The avenue Kleber. The orange and brown seventies dining room with overbright lighting. My father and me, face-to-face at the oval table. His spotted, trembling hand pouring out the wine. You should go, Antoine. He's an old man now, he's probably lonely. You should make an effort, do something for him for once. For once.
"Thanks, but I have other plans for tonight."
Liar. Coward.
When I hung up, guilt took over. I should call him back, say that I could make it finally. I uneasily turned to my computer, back to the Think Dome. The Think Dome, no matter how it had made me chortle in the beginning, was taking up a lot of energy, but in a surprisingly motivating way. This was the first time in ages I found myself working on a project I enjoyed, that egged me on, that stimulated me. I had researched igloos, their history, their specificity. I had looked up domes, remembered the beautiful ones I had visited in Florence, in Milan. I sketched page after page, drew shapes and forms I never imagined I could think up, hatched ideas I never thought I could possibly conceive.

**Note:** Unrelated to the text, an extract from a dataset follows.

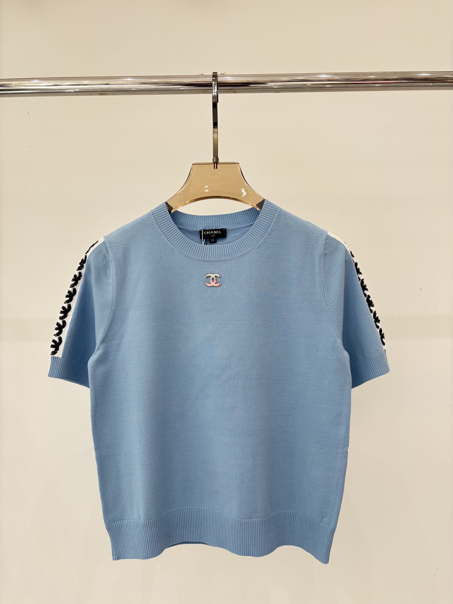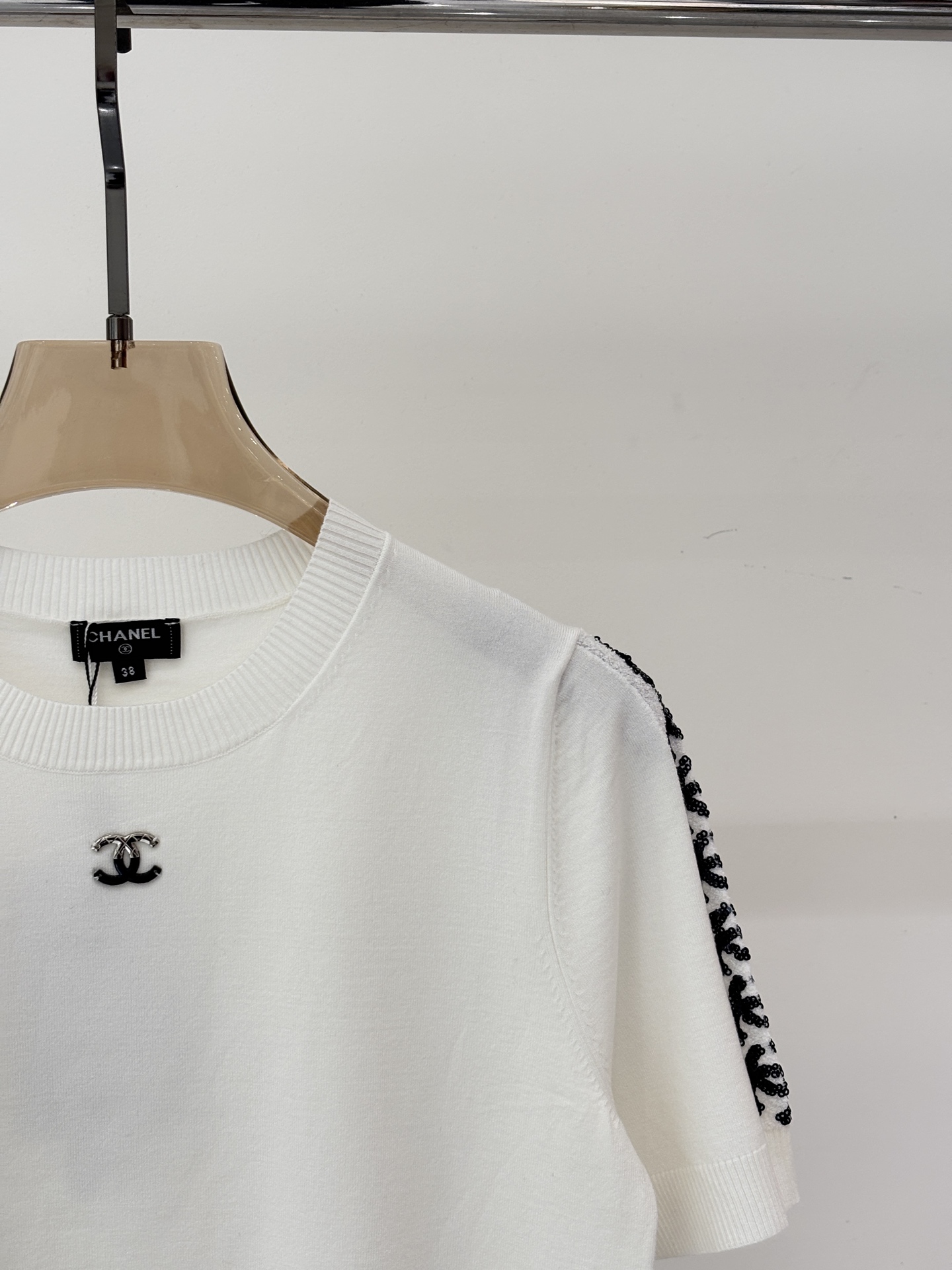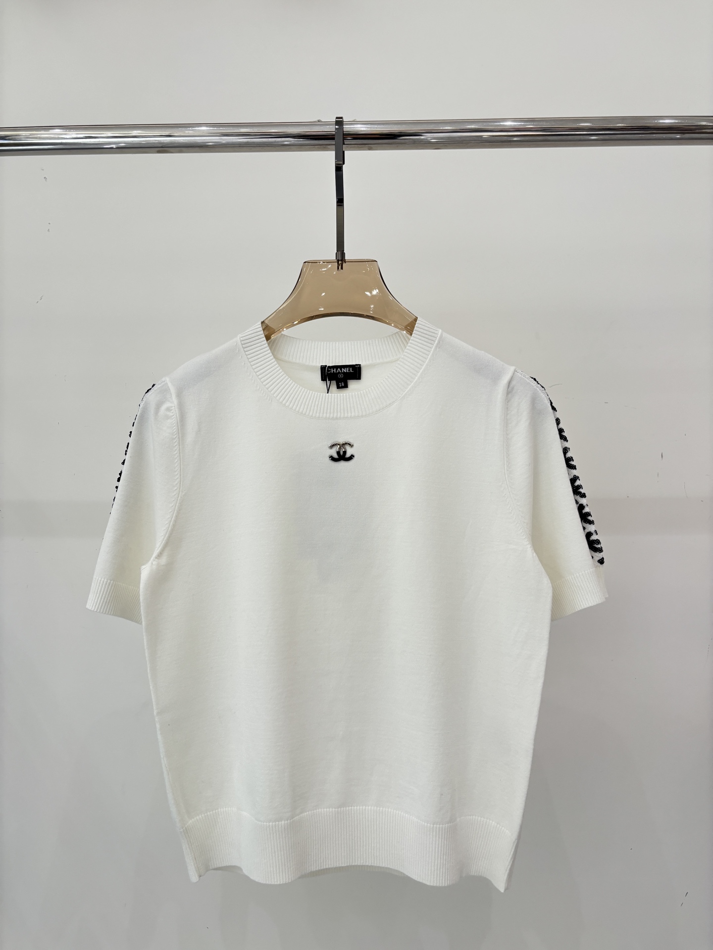 샤넬 라운드넥 체인 장식 스팽글 다이아몬드체크 반팔
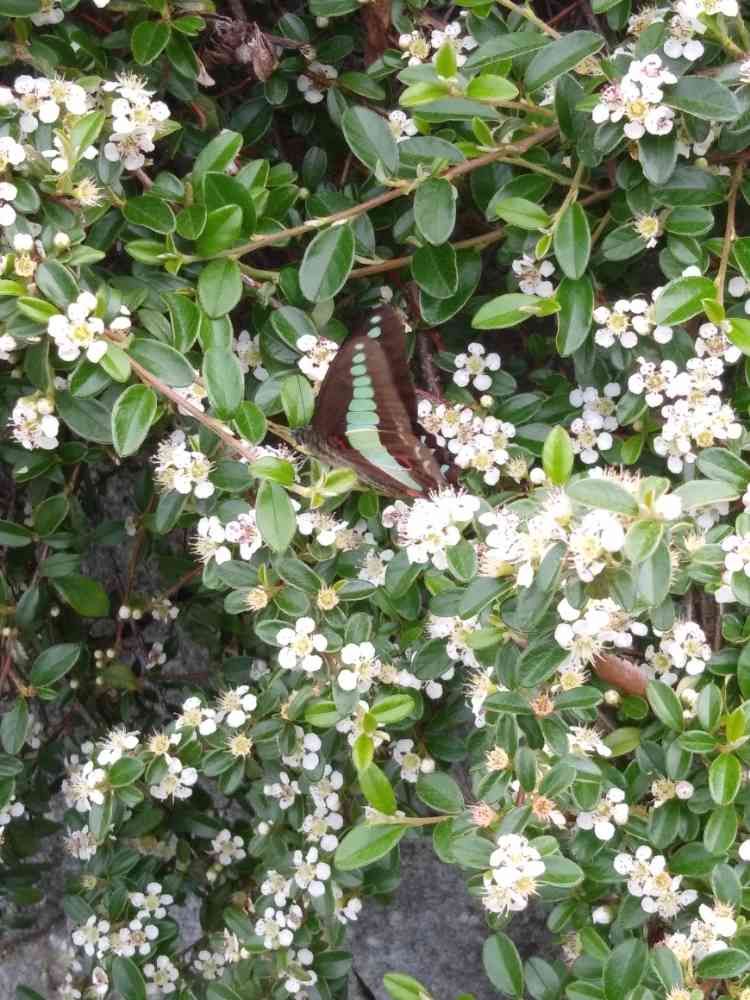 蝶々がコトネアスターの💠から蜜を集めていました❗

A little beep signaled an incoming e-mai
l. It was from Didier: "Need your advice about an important business deal. A guy you worked with. Can you drop in tonight at around eightish? Urgent."
I e-mailed back: "Yes, of course."
So when I turned up on Didier's doorstep, I was not expecting anything at all. He greeted me, let me in, poker-faced. I followed him into the huge main room, which I found oddly silent, as if a hush had fallen over it, and all of sudden, screams and shouts exploded from all around me. Bewildered, I discovered Helene and her husband, Melanie, Emmanuel, and two women I did not know, who ended up being Emmanuel's and Didier's new ladies. Music was turned on full blast, champagne was produced, pate and tarama, salads, sandwiches, fruit, and a chocolate cake, followed by a shower of presents. I was delighted. For the first time in what seemed ages, I relaxed, enjoyed the champagne, enjoyed being the center of attention.
Didier kept looking at his watch, I couldn't think why. When the doorbell rang, he rushed to his feet.
"Ah," he announced, "the piece de resistance."
And he opened the door with a flourish.
She glided in, wearing a long white dress, an astounding dress for the middle of winter, just like that, out of nowhere, her chestnut hair tied back, a mysterious smile hovering on her lips.
"Happy birthday, Mister Parisian," she whispered, a la Marilyn Monroe, and she came to kiss me.
Everybody clapped and cheered. I caught Melanie and Didier exchanging triumphant glances and guessed they had rigged all this up behind my unsuspecting back. Nobody could take their eyes off Angele. Emmanuel gawked and discreetly gave me a jovial thumbs-up. I could tell that the ladies--Helene, Patricia, and Karine--were longing to ask Angele about her job. I imagined she was used to this. She was most likely questioned like this every day. When the first timid question came, something like, "How can you handle dead people all day long?" she answered, without being flippant, "Because it helps other people stay alive."